We are very pleased to announce that our group got a paper accepted for presentation at IDA2021. Advancing Intelligent Data Analysis requires novel, potentially game-changing ideas. IDA’s mission is to promote ideas over performance: a solid motivation can be as convincing as exhaustive empirical evaluation.

Here is the abstract and the link to the paper:

HORUS-NER: A Multimodal Named Entity Recognition Framework for Noisy Data
By Diego Esteves, José Marcelino,, Piyush Chawla, Asja Fischer,, and Jens Lehmann.
Abstract Recent work based on Deep Learning presents state-of-the-art (SOTA) performance in the named entity recognition (NER) task. However, such models still have the performance drastically reduced in noisy data (eg, social media, search engines), when compared to the formal domain (eg, newswire). Thus, designing and exploring new methods and architectures is highly necessary to overcome current challenges. In this paper, we shift the focus of existing solutions to an entirely different perspective. We investigate the potential of embedding word-level features extracted from images and news.

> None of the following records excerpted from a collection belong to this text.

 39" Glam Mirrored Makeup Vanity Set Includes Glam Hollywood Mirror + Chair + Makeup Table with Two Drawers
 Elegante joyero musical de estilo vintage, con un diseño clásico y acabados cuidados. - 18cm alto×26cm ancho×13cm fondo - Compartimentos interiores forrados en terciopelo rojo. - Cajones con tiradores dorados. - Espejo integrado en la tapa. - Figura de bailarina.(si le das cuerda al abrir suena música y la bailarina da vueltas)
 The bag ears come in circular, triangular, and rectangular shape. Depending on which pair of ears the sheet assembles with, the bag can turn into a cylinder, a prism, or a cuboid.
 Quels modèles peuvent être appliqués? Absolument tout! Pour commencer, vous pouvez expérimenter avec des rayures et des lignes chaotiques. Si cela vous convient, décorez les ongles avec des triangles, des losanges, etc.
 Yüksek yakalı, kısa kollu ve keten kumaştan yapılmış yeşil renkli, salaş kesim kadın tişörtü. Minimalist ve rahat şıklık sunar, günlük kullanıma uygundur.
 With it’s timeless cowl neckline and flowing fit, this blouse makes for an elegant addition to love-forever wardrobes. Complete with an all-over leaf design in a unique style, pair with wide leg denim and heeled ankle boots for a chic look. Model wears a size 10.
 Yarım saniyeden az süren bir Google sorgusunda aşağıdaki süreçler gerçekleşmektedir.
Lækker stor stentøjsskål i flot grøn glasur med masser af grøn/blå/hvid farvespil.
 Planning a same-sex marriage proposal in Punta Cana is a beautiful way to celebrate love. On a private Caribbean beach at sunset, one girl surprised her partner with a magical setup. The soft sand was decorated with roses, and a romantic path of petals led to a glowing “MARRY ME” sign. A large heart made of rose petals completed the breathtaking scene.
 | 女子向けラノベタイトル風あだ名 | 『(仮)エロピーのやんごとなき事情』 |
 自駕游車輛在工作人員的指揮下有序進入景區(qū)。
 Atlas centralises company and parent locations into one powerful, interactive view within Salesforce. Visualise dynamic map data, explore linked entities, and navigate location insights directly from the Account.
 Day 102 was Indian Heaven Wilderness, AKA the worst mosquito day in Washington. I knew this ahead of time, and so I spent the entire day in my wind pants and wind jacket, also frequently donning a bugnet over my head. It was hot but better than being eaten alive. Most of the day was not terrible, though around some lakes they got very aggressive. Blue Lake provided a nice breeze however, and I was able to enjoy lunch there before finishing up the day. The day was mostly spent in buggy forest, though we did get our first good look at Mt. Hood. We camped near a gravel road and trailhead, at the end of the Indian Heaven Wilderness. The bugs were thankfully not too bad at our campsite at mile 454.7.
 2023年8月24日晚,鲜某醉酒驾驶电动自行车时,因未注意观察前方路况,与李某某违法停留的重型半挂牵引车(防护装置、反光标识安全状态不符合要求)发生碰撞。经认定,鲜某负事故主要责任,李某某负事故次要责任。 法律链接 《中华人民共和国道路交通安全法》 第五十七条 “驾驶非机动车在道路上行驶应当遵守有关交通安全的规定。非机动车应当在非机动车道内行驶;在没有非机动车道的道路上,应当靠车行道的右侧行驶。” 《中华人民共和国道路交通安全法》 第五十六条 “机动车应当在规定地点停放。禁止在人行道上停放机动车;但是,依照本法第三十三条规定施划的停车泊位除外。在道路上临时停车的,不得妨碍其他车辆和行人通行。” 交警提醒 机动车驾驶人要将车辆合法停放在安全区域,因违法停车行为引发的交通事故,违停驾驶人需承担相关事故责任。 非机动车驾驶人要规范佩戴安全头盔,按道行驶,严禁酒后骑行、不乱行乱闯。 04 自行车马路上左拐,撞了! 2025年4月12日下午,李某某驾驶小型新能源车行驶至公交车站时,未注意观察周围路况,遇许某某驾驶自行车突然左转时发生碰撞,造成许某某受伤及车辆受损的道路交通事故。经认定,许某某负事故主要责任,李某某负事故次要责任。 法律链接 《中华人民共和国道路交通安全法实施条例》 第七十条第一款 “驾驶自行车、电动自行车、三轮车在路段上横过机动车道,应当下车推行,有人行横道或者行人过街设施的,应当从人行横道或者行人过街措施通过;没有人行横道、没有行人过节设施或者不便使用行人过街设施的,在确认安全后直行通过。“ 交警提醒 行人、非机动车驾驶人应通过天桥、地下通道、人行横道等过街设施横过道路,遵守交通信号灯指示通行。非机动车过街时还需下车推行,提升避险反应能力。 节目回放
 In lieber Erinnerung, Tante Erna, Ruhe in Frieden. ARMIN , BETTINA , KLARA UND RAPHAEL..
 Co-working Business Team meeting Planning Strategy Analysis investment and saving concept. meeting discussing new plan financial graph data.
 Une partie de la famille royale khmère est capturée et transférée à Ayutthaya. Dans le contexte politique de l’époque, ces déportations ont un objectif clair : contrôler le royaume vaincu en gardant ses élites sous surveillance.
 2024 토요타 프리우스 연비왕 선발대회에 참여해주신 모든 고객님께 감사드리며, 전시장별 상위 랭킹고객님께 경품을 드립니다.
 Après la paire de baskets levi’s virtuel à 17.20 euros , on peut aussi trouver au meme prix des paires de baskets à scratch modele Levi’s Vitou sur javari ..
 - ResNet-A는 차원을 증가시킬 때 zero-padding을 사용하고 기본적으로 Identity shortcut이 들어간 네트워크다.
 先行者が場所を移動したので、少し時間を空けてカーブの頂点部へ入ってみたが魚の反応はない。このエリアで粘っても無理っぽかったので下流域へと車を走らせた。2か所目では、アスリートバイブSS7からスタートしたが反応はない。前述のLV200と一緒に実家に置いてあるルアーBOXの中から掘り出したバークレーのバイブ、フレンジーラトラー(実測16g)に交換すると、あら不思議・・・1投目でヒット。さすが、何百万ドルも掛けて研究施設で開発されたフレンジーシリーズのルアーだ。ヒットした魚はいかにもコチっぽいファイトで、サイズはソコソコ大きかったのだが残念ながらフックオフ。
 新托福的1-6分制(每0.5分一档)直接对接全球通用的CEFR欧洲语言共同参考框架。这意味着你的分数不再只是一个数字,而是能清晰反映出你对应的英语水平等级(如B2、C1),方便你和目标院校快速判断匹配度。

We performed a very comprehensive study in order to validate the hypothesis that images and news (obtained from an external source) may boost the task on noisy data, revealing very interesting findings. When our proposed architecture is used:(1) We beat SOTA in precision with simple CRFs models (2) The overall performance of decision trees-based models can be drastically improved.(3) Our approach overcomes off-the-shelf models for this task.(4) Images and text consistently increased recall over different datasets for SOTA, but at cost of precision. All experiment configurations, data and models are publicly available to the research community at

Paper Accepted at IJCNN 2021

We are very pleased to announce that our group got a paper accepted for presentation at IJCNN 2021. The annual International Joint Conference on Neural Networks (IJCNN) is the flagship conference of the IEEE Computational Intelligence Society and the International Neural Network Society. It covers a wide range of topics in the field of neural networks, from biological neural network modeling to artificial neural computation.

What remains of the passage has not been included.